◆ Data block ◆
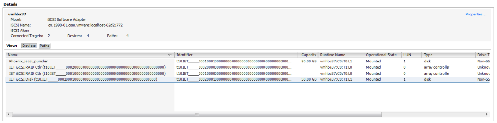 Before we can connect to an iSCSI disk in ESXi, we must first add the iSCSI target we just created to the datastores for VMWare. To do this, goto Configuration ~> Storage Adapters, and run the Rescan All command. This can take a while if you have a lot of targets, but usually comes back fast. The initial connection will be an unwieldy long ID, but you can tell which one it is by both its size (it’s 50GB, like we create) and also if you look at the Runtime Name, it’s the next higher target number (T1, as T0 is the first one for Punisher).
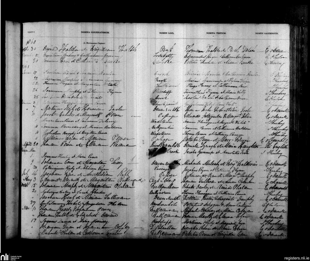 Killea; County of Waterford; Diocese of Waterford and Lismore. Marriages, Oct. 1860 to Nov. 1861
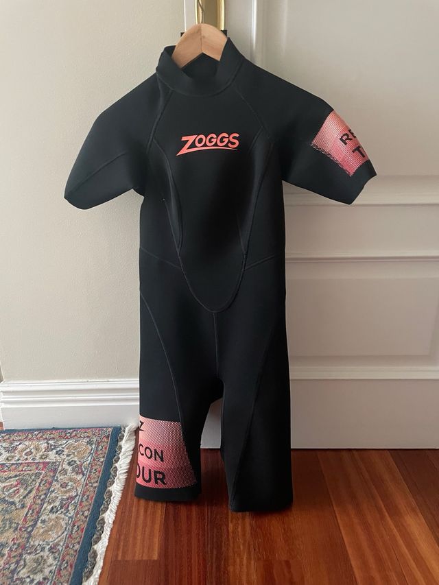 Traje de neopreno de la marca Zoggs. - Color negro. - Diseño de manga corta. - Detalle de banda rosa con texto en manga y pierna.

◆ Task statement ◆
Write out the listing word for word, omitting the pictures it holds.

◆ Result below ◆
 Before we can connect to an iSCSI disk in ESXi, we must first add the iSCSI target we just created to the datastores for VMWare. To do this, goto Configuration ~> Storage Adapters, and run the Rescan All command. This can take a while if you have a lot of targets, but usually comes back fast. The initial connection will be an unwieldy long ID, but you can tell which one it is by both its size (it’s 50GB, like we create) and also if you look at the Runtime Name, it’s the next higher target number (T1, as T0 is the first one for Punisher).
 Killea; County of Waterford; Diocese of Waterford and Lismore. Marriages, Oct. 1860 to Nov. 1861
 Traje de neopreno de la marca Zoggs. - Color negro. - Diseño de manga corta. - Detalle de banda rosa con texto en manga y pierna.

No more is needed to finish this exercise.